На выезде из города водитель, миновав мост, съехал с асфальтовой дороги на обочину, шкрябнул несколько раз днищем по засохшей глине, а затем, ориентируясь по известным ему приметам, рванул через заросшее полынью поле к лесу. Все это время Прозоров терпеливо сносил боль в барабанных перепонках, но в конце концов не выдержал и, следуя совету водителя, нажевал газеты и плотно заткнул ею уши.

Ехали по узким просекам и линиям, ломали кусты, продирались к солнечным полянам, несколько раз форсировали один и тот же, как показалось Прозорову, лесной ручей, потом снова выбрались на шоссейную дорогу, пересекли ее и оказались, наконец, на широком прямом проселке, который плавно и полого поднимался на холм. На вершине холма посередине дороги лежал на боку колесный трактор и маячил рядом с ним одинокий человек.

Балакин подъехал к человеку и заглушил двигатель. Прозоров вытащил затычки из ушей. Вышли из машины, обошли место происшествия.

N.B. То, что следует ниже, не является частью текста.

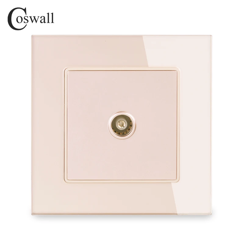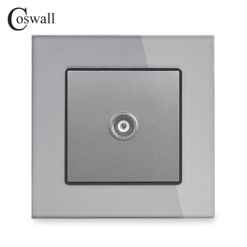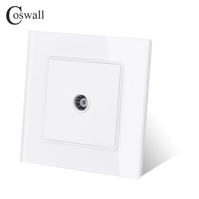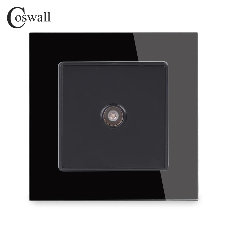 Настенная розетка COSWALL, кристаллическая рамка из закаленного стекла, 1 гнездо, ТВ-разъем, телевизионный порт Серии C1, цвет белый, черный, золотой

Тракторист, молодой парень со свежей кровоточащей ссадиной на лбу, чуть покачиваясь, молча шел рядом с ними и взволнованно сопел, точно после драки.

— М-да, — произнес Балакин, прикуривая папиросу и озирая пространство. — Гр-х-м… Много выпил?

— Причем тут это? — возразил тракторист. — Ты погляди сам, дорога-то, главное дело, ровная. Вот в чем фокус…

— Ну и как же ты тут навернулся? — не выдержал Прозоров. — На ровной-то дороге… Тут и захочешь, не навернешься…

— В том-то и вопрос… Бермудский треугольноик. Загадка природы, — сокрушенно развел руками тракторист и пнул ногой колесо трактора. — Техника, бля… Русский Иван делал…

Балакин подошел к опрокинутому трактору, пошатал рукой трубу глушителя.

— Ладно, курва… Ты тут будь, а мы сейчас от фермера трактор пригоним. Я у тебя потом глушак свинчу… Вон он, твой хутор фермерский… А дальше за ним Запоево, — обратился к Прозорову, указывая рукой на несколько темных строений, видневшихся на дальнем краю поля у самой опушки леса. — У него должен быть трактор…

— Нет у него ни фига, придется ехать в мастерские, — уныло почесал затылок тракторист. — У фермера “ферапонтовцы” отняли всю технику на той неделе. И грузовик забрали, и “беларусь”…

— Кто отнял? — не понял Прозоров.

— Кто, кто… Рэкет. Приехали и забрали за долги. Не поспоришь… Да он богатый куркуль! — успокоил тракторист. — У него точно денег где-нибудь закопано, выкрутится…

— Он что, у бандитов в долг брал? — спросил Прозоров.

— Возьмешь у них… У нас вон собрание в гаражах было. Приехали на жипе… Один жип, падла, дороже всего кохоза стоит… Народ собрали, президиум, все как положено… Председатель говорит: нет, мол, денег, повремените… Своим, говорит, с осени не платим. А нас, говорят, не касается, ссуду бери в банке, а нам чтоб ежемесячно и в срок. Крыша… Понял? Проголосовали: кто за то, чтобы выплачивать? Кто против? Единогласно. Им, поди, не заплати… Им тут все совхозы платят. А ты говоришь, фермер. У него-то деньги есть, не пьет, не курит. Дочку в город возит… возил, вернее, в музыкальную школу…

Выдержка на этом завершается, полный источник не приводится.